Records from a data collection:

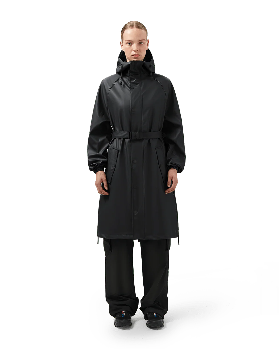 Tweezijdige waterafstotende ritssluiting aan voorzijde voorzien van overslag met drukknopen
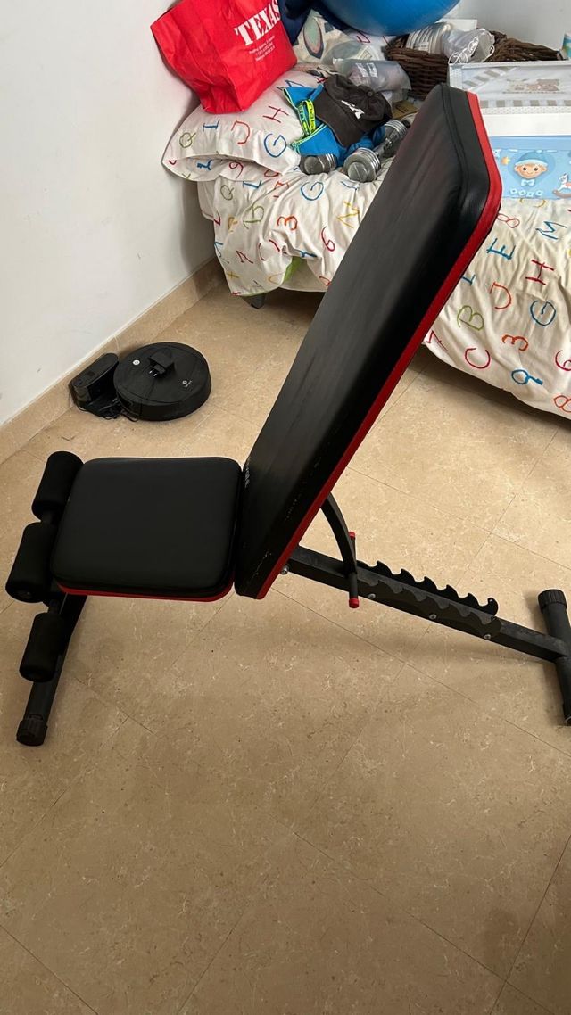 Detalles del productoBanco de pesas con estructura metálica y acolchado en asiento y respaldo.
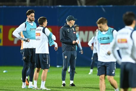 Mi-am însușit cerința Federației. Am citit azi pe toate site-urile, să nu fie nimeni critic… Susțin ideea că trebuie să plecăm cu trei puncte din Kosovo în seara asta. Nu cerem marea cu sarea. Nu cerem să batem Elveția de două ori. Cerem patru puncte cu aceste două echipe care sunt de nivel cu noi, să spun așa. Eh, suntem calificați în momentul ăla, locul 2 e al nostru în grupă și nu ai cum să mai pierzi calificarea la Campionatul European.
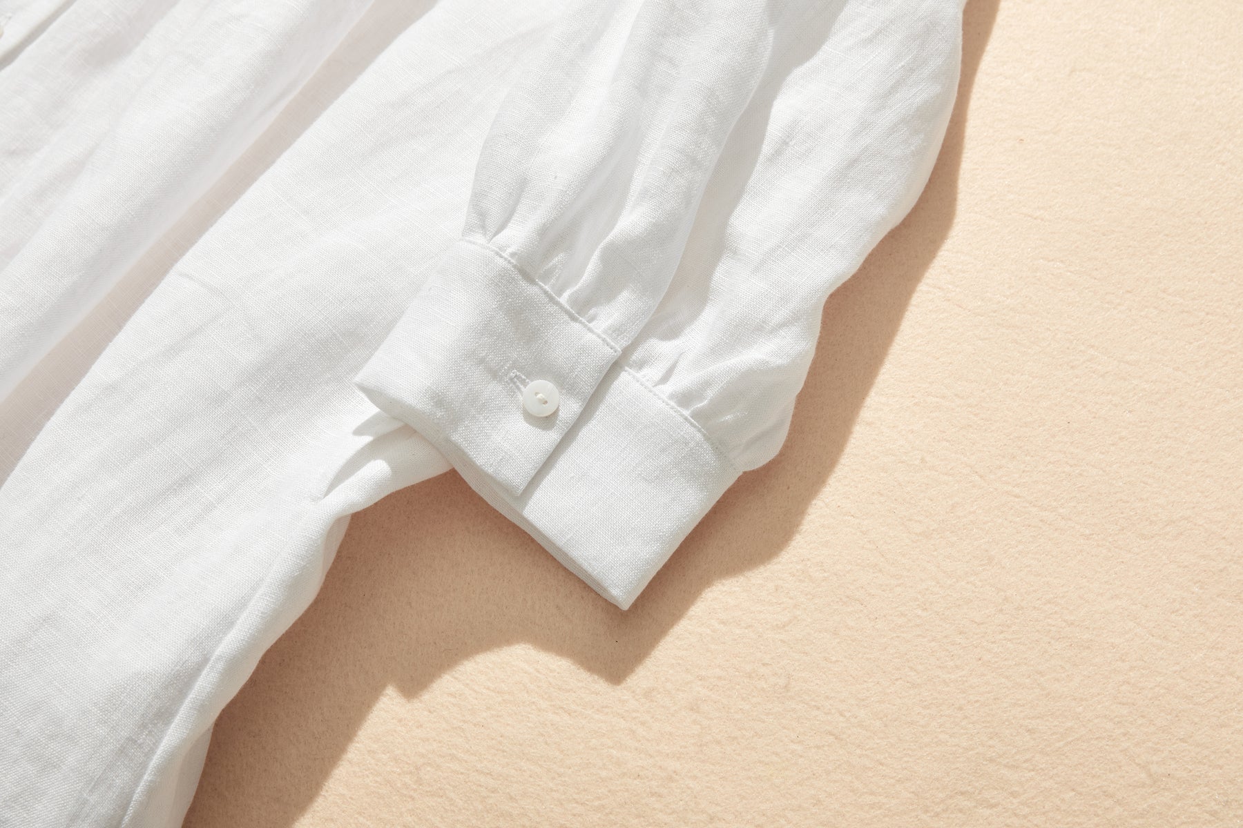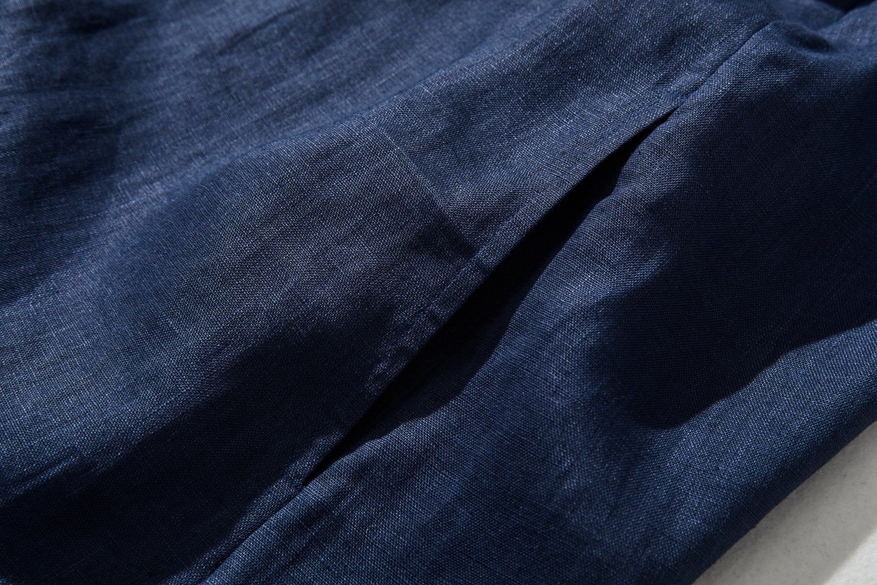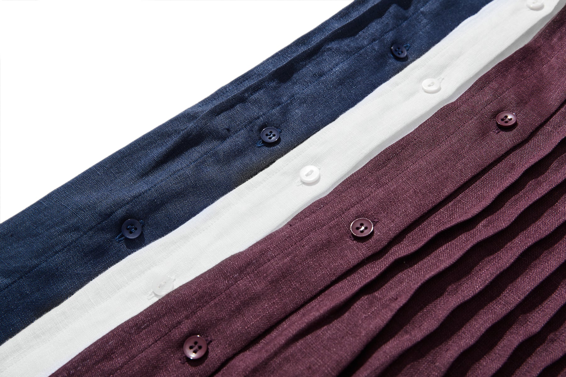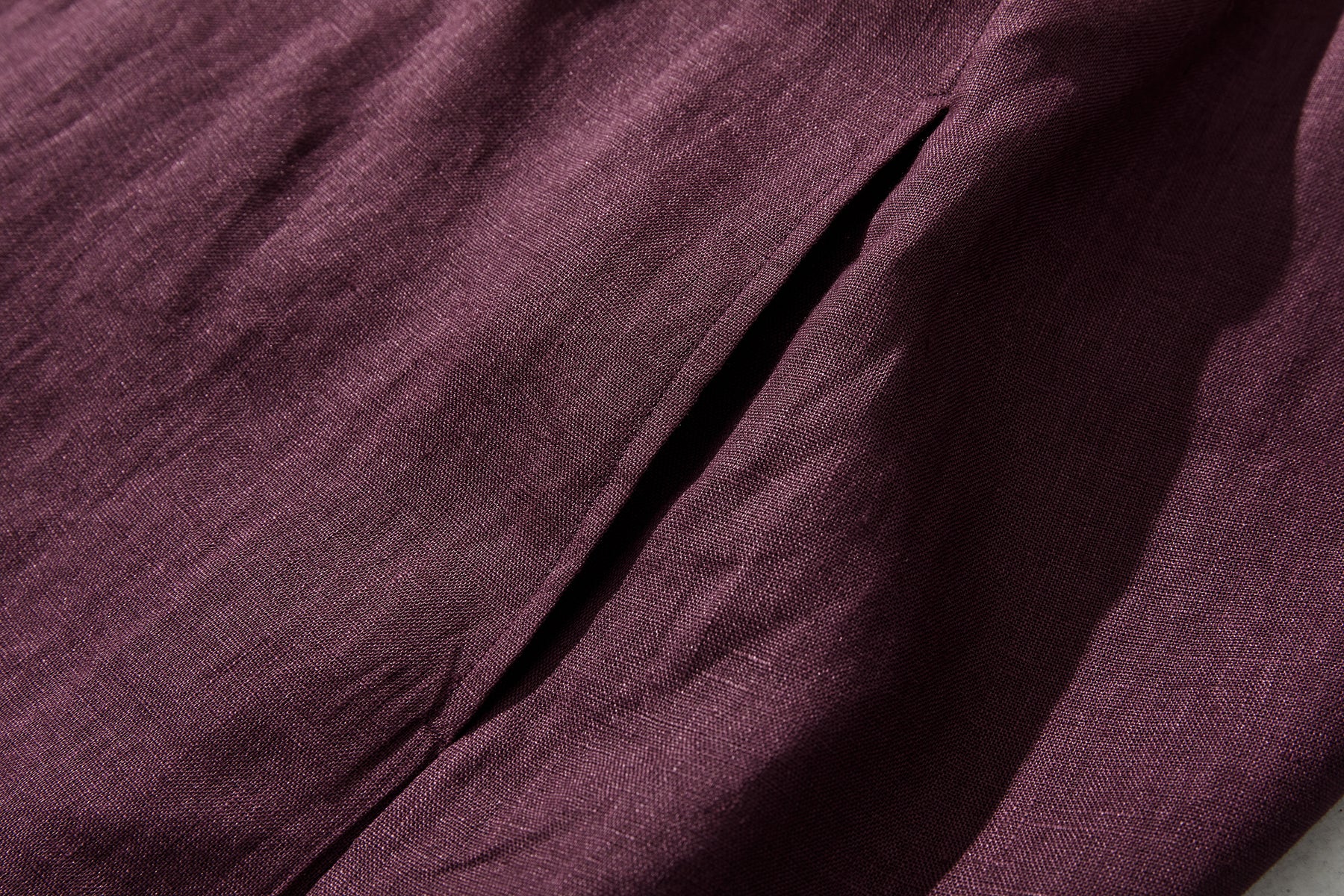 ★襯衫裙採用優質亞麻布料製成,觸感光滑。
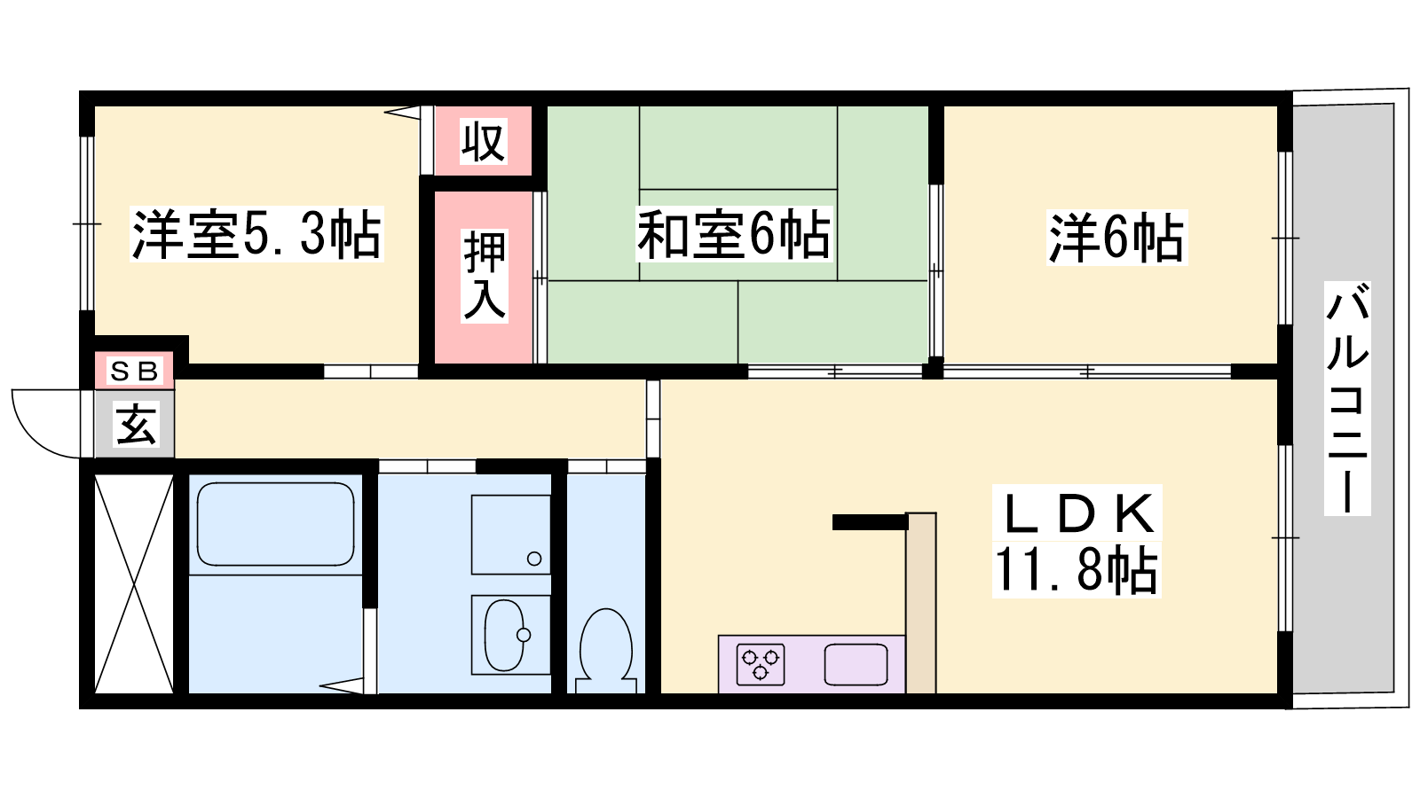 - LDK11.8帖、洋室6帖、洋室5.3帖、和室6帖
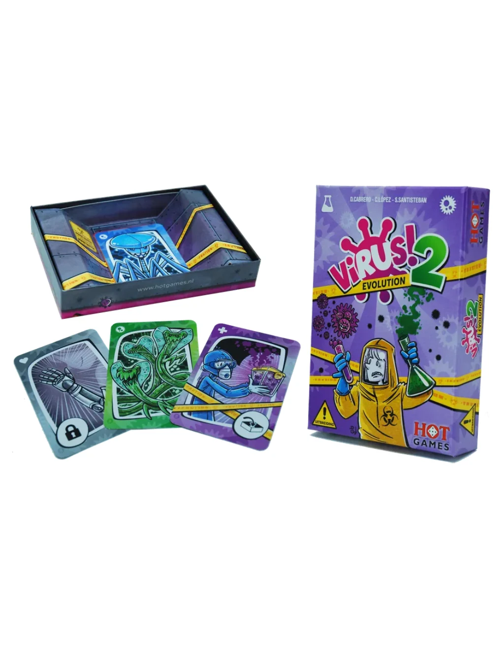 Virus 2: Evolución es la expansión del exitoso juego de cartas Virus!, que añade nuevas cartas, efectos y giros para llevar la diversión y el caos a otro nivel. En esta versión, los virus mutan, los órganos cambian de color y los tratamientos se vuelven más impredecibles, poniendo a prueba incluso a los jugadores más experimentados.
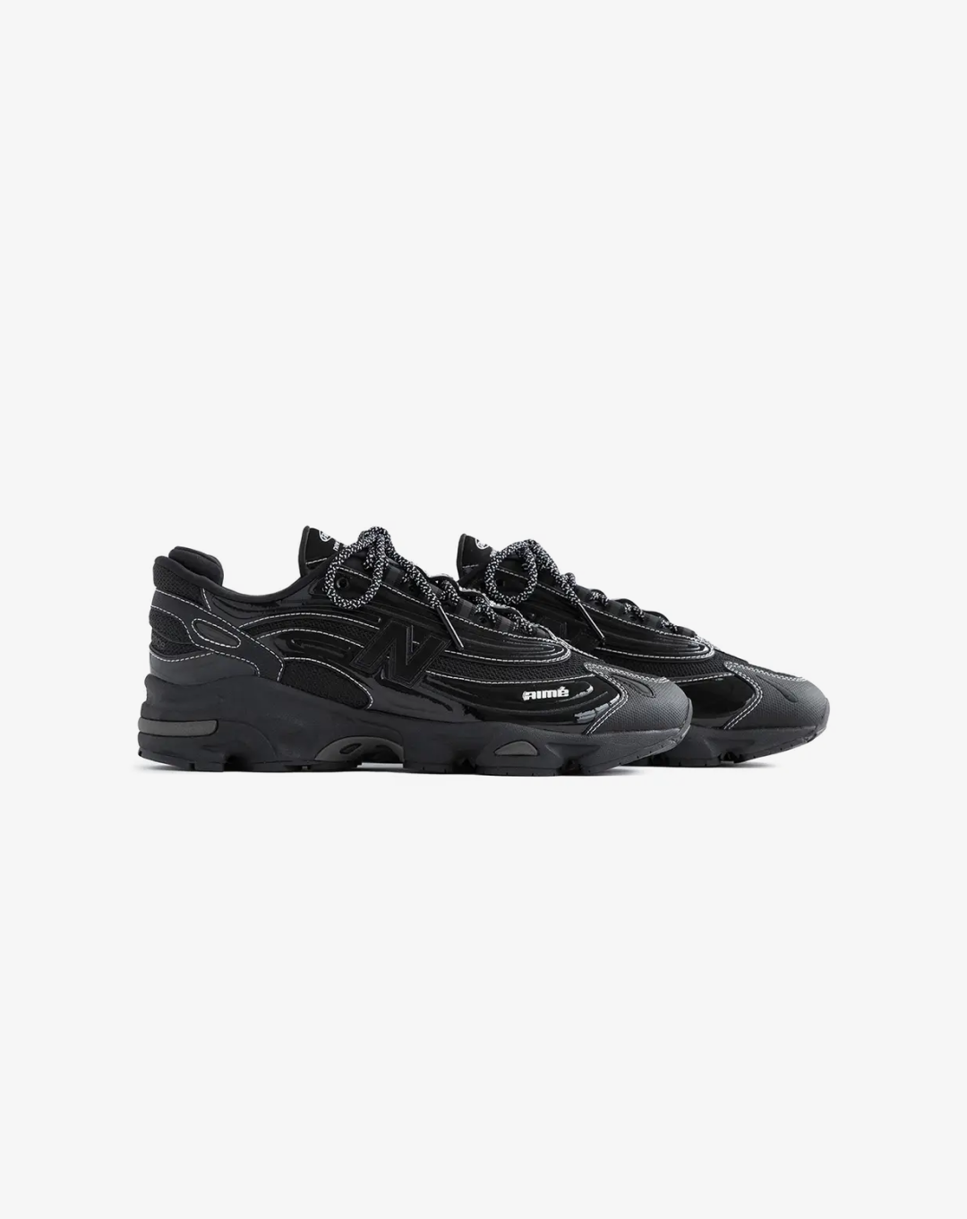 This limited-edition rendition features an all-black mesh underlay with glossy leather overlays on the midfoot and rear. White contrast stitching highlights the outlines, complementing the two-tone round laces. Discreet “N” logos nestle on the sidewalls, allowing the white “aimé” label on the lateral forefoot to stand out. Co-branding appears on the tongue and sockliners to set this colourway apart. A chunky ABZORB midsole provides supportive cushioning, backed by a segmented rubber sole. The shoe arrives in a special-edition co-branded box, a metallic “aimé” hangtag, and additional white and black cotton laces for extra styling options..
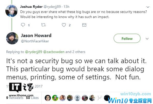 微软的 Jason Howard也确认了内测版的阻断性Bug带来了“重大影响”,表示该Bug会“破坏”Win10系统的某些设置、对话框,甚至是打印机功能。
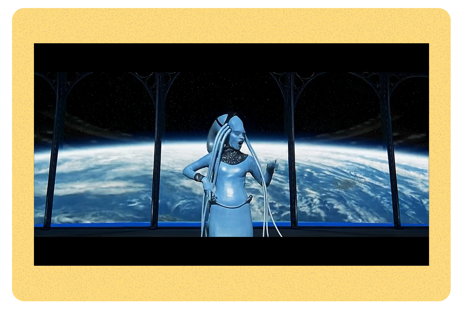 Это звание можно отдать финальным кадрам фильма. На них инопланетная певица Дива (та самая дама синего цвета со шнурами на голове) выступает на космическом корабле с оперой.
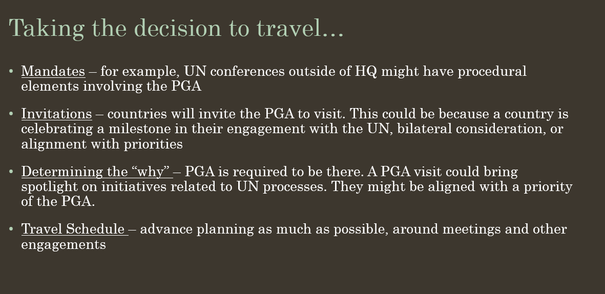 The following speaker Mr. Peter Stone, Deputy Team Leader of the Reform, Legal and Budget Team, covered the financial and budget aspects. Drawing on his experience, he pointed out that the team of the OPGA is pretty much part of the Secretariat once they are in office because the financial and budget implications depend on the UN. The OPGA works for the Member States and financial regulations and procurement apply to them as well. For a simple quotation, come with 3 proposals, he recalled. If the team considers buying something, have the right conversations internally first before speaking to people. One thing on finances to be reminded like anyone authorizing spending money in the office of the PGA should go first to the Chef de Cabinet to have the proper authorization. He also shared the necessity of linking with the GA Branch to get information on schedules, procedures, commemorative days, and more.
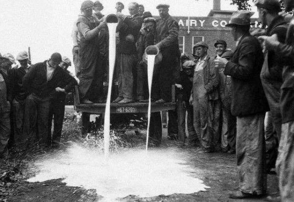 如果要制成储运方便的奶酪、黄油等,又需要额外的成本。此外,他们还面临着无法偿还贷款而失去农场的危机。由此,1933年,纽约州一牛奶协会组织的奶农进行了集体罢工,抗议奶价太低而倾倒了6000加仑的牛奶。

_What you need to do_. A verbatim copy of the records is expected, from their first line through the line with "Detalles del productoBanco", inclusive, with the pictures removed.

_Your solution_.
 Tweezijdige waterafstotende ritssluiting aan voorzijde voorzien van overslag met drukknopen
 Detalles del productoBanco de pesas con estructura metálica y acolchado en asiento y respaldo.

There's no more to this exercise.